**ABOUT THIS TASK**
Of all the entries below, only the lines from the one with "Sedex Audit Women's" up to and including the one with "Karida and Night" are to be duplicated exactly.

**SUPPLIED RECORDS**
=== Section Start ===

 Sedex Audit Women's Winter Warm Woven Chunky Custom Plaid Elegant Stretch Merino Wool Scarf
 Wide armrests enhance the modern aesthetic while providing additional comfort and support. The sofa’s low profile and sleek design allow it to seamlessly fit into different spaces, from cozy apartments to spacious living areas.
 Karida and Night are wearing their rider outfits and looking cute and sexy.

=== Section End ===
=== Section Start ===

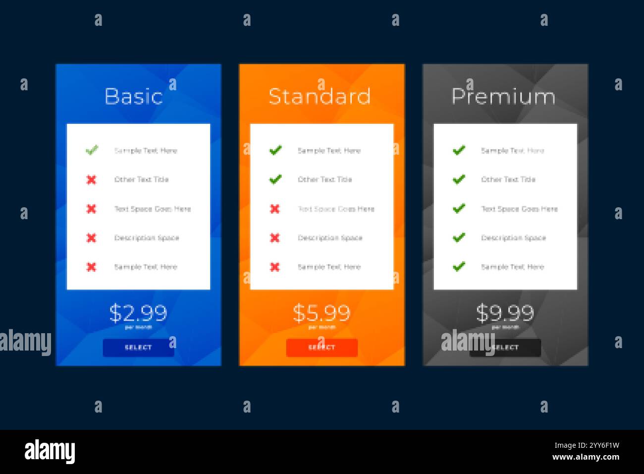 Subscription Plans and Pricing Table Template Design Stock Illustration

=== Section End ===

**EXPECTED OUTPUT**
 Sedex Audit Women's Winter Warm Woven Chunky Custom Plaid Elegant Stretch Merino Wool Scarf
 Wide armrests enhance the modern aesthetic while providing additional comfort and support. The sofa’s low profile and sleek design allow it to seamlessly fit into different spaces, from cozy apartments to spacious living areas.
 Karida and Night are wearing their rider outfits and looking cute and sexy.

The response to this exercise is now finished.